UNC Rejects $5 Million Silent Sam Plan Due to Costs

CHAPEL HILL – The controversy over recent proposals to house the ‘Silent Sam’ Confederate statue in a new $5.3 million building was put to rest late Friday when the UNC Board of Governors voted against the proposal.

The larger controversy over the statue itself will live on, however. Thankfully, the Board rejected the plan because it simply costs too much money, not because of threats of strikes from hypersensitive faculty and social justice activists.

The debate is still getting national attention, too, as covered here in the New York Post:

“University of North Carolina System Chairman Harry Smith said cost was a primary concern in turning down the proposal to move the statue known as “Silent Sam” into a new building on the outskirts of the Chapel Hill flagship campus. The statewide Board of Governors passed a resolution Friday to have several of its members work on a new plan that’s due in March.

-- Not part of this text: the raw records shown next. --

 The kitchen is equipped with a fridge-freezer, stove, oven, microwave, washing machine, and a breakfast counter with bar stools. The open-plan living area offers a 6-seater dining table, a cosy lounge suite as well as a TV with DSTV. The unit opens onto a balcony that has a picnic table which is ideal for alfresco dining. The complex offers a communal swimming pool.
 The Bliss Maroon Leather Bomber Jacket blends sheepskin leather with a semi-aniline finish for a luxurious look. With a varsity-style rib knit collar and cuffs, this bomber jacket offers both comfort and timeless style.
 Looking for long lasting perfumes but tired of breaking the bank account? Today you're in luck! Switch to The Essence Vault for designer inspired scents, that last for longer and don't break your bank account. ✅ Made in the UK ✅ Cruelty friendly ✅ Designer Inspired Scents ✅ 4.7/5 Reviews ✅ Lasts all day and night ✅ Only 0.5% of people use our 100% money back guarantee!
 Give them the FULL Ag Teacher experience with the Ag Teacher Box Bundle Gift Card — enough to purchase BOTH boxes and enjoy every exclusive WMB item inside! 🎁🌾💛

Smith didn’t indicate where the statue could end up, but said he believes any move off campus would require changes to a strict state law on historical monuments.

“The $5.3 million dollars is, I think, pretty tough for a lot of us to swallow,” he told reporters. “We’re going to go back to the drawing board, in a team-like approach, and try to get it right.””

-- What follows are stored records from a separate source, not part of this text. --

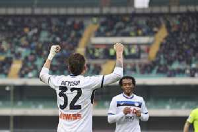Mateo Retegui of Atalanta BC celebrates after scoring second goal during Hellas Verona FC vs Atalanta BC, 24° Serie A Enilive 2024-25 game at Marcantonio Bentegodi stadium in Verona (VR), Italy, on February 08, 2025. (Photo by Davide Casentini) AG ALDO LIVERANI SAS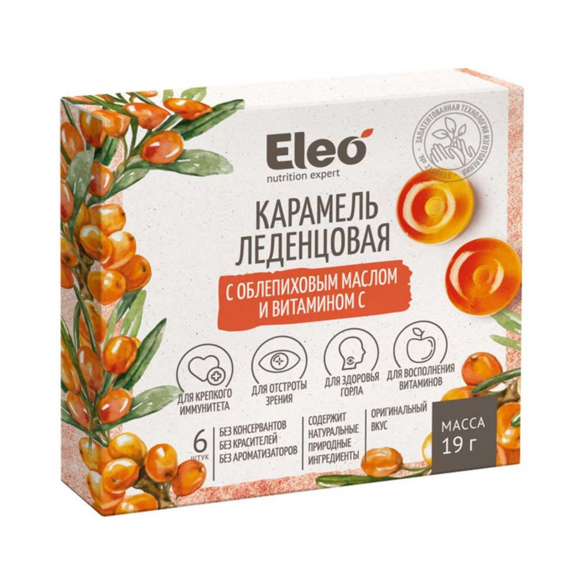 ELEO Throat Drops with Sea Buckthorn Oil & Vitamin C, 19g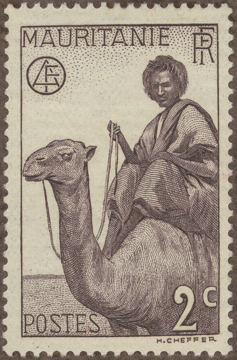 Frimärke ur Gösta Bodmans filatelistiska motivsamling, påbörjad 1950. Frimärke från Mauretanien, 1938. Motiv av Kamel som riddjur Afrika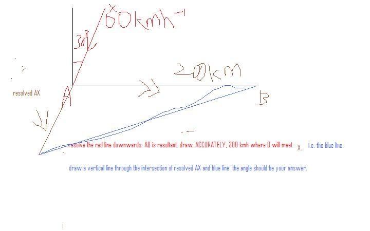 An aircraft flies due east from A to B where AB = 200km. The wind is blowing from the direction 030° at 60km/h. The speed of the aircraft in still air is 300km/h and the pilot sets the course on the bearing X°. Find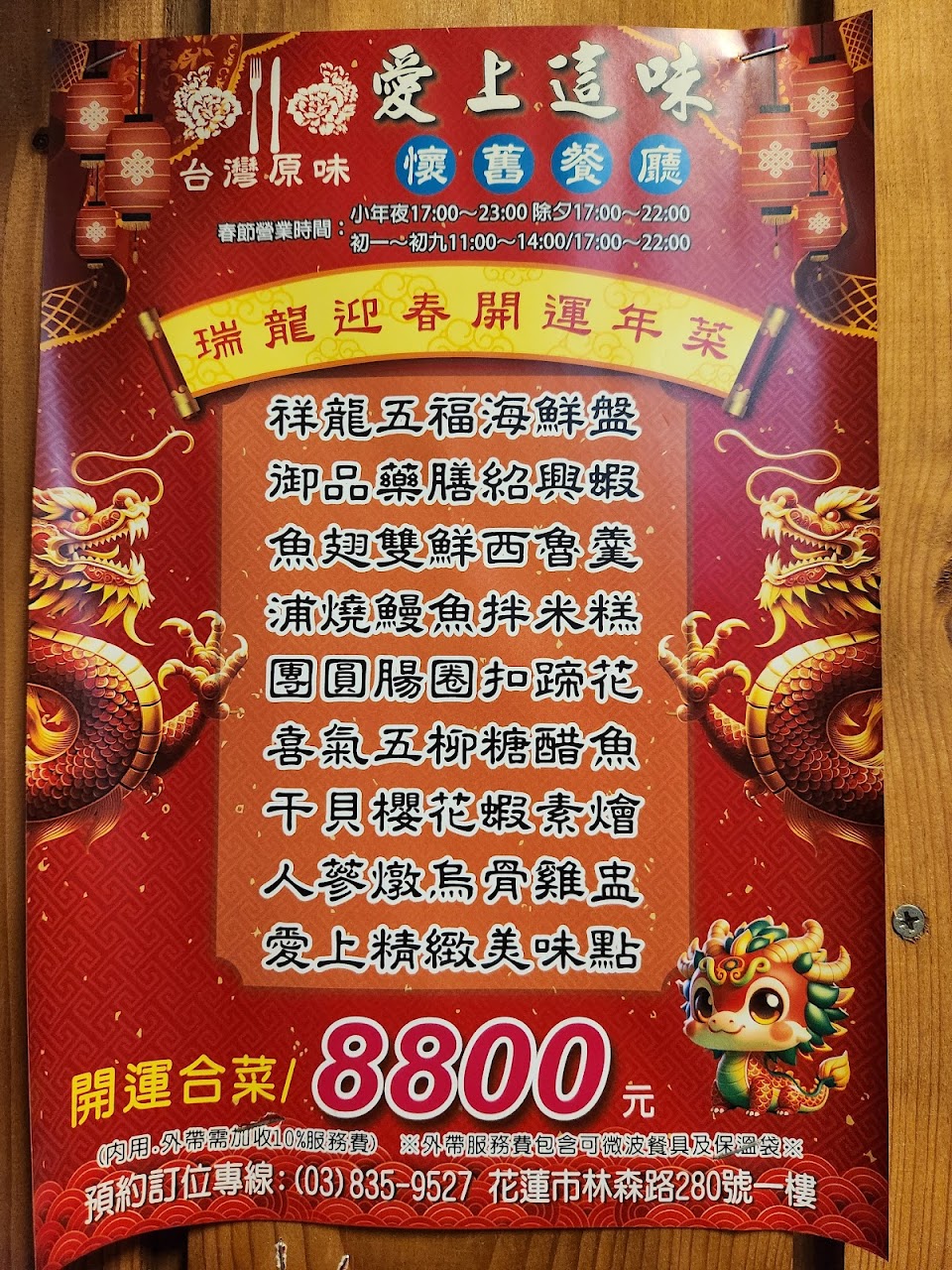 花蓮人氣美食愛上這味懷舊餐廳,這次到訪是在疫情後來的,花蓮很多餐廳都撐不過這波疫情倒閉,剛好看到這裡有一間開到很晚的餐廳,趕快來吃吃看,位於東大門夜市附近,我這次是先去夜市找不到想吃的菜過來用餐 店內裝潢懷舊復古,也放一些70年代經典歌曲,很特別! 餐點上價格雖然偏高,但整體的精緻度是可以接受的。 西魯肉是比較偏鹹的口感,很適合配飯吃! 服務 內用 餐點類型 晚餐 平均每人消費金額 $400-600

This was a prudent decision. Spending millions of dollars to protect a statue from Leftist mobs is not a good use of taxpayer money. The whole proposal misidentified the real problem: that these mobs have been given the green light to rage and destroy property because they feel offended. The fact that re-erected the statue remains a public safety concern is a testament to the fact that these mobs are the danger to public safety, not an inanimate hunk of metal.

Now school officials will go back to drawing board in order to comply with laws that require the statue remain until the legal process for removal or relocation continues. The UNC Board of Governors will try to come up with new plans, with some hoping their political clout will lead to the acceptance of off-campus locations despite laws preventing wholesale removals of historical monuments.

At least students will not be faced with teachers holding them hostage over their own political agendas for a while. A new deadline fora new plan is set for March 15. So get ready for a lot of social justice craziness as we approach that date. You what they say, ‘Beware the Ides of March.’